そうではなく、腕がいいことで変化する条件のなにが切味に関与するのかの原理を、分かりやすく噛みくだいて答えてくれた。
なんていい人だ。
「ただし。どんなに速度を増して切味を上げようと、斬れぬものは斬れぬ。これもまた刃物の必定なのでござる」
「龍牙兵が合体したらアルさんでも斬れなくなったこと?」
「トホホ……そのとおり。〔切れる〕 という現象は刃が対象の組織に分けいることで起こるもの。そのためには刃の硬度が対象よりも高いことが絶対条件なのでござるよ」
「合体したら刀より硬くなっちゃったんだ」
「あれには参ったでござる……合体したとはいえ魔龍の手先ごとき斬れぬとあっては、魔龍のことも斬れるかどうか……まぁ、試してみねば分からぬでござるが」
¶
『許さぬ!』
「おっと!」
ゴォッ‼
アルの打ちこみを額の鱗で受けとめた魔龍シーバンが、ぐわっと口を開いて炎を吐いた。しかしアルはその動きを読んだらしく、至近距離にもかかわらず余裕を持って回避した。

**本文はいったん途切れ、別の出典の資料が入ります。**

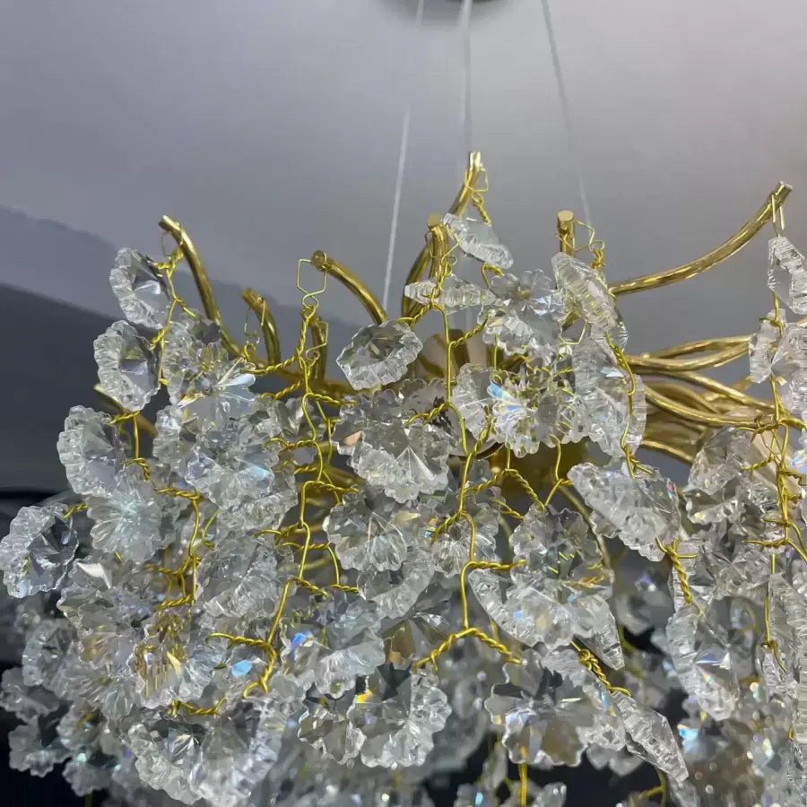 Montajul și instalarea sunt ușoare, iar construcția sa robustă garantează că veți bucura mult timp de frumusețea și strălucirea acestui candelabru excepțional. Cu Candelabrul Cristal Sutton, veți adăuga strălucire aurie și o notă de delicatețe florală în locuința sau spațiul dvs. comercial.
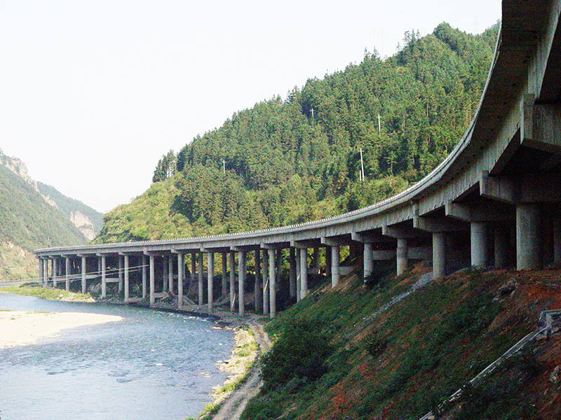 湖南省邵阳-怀化高速公路,公司承建土建工程6.32km,含洞口塘大桥(25*30 36 26 30 3*40 6*30简支连续T梁)和洞口塘隧道一座。2005年建成。
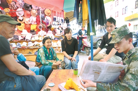 圖為拉薩警備區某團官兵為社區居民宣講政策。通訊員 涂君陽攝

そして大きく後ろに跳びのき、仲間たちのもとへ帰還する。
「やはりダメでござった!」
『『了解です!』』
「お疲れさん!」
パーティーに動揺はない。今のはアルの刀で斬れるか試しただけ、斬れない可能性を覚悟していた一行は、打ちあわせていたとおりに次の作戦に移った。
「んじゃ、次はオレだ!」
今度はオルが黄金龍衣で魔龍へと駆けだした。その金色の龍細工は両手で、オルが生身で使用する武器と同じく、巨大な斧を握っている。
ダッダッダッ!
「おぅりゃぁッ‼」
地面の一蹴りで一瞬で距離を詰めた先ほどの白銀龍衣よりだいぶ遅い足並みながら、黄金龍衣もやはり突進して、その斧を魔龍の脳天へと振りおろす!
ガイーン‼
『グアァッ‼』
オルの斧も魔龍の鱗を斬れなかったのはアルの刀と同じだった。だが刀よりも重い斧による一撃は、斬れずとも衝撃によって魔龍にダメージを与えていた。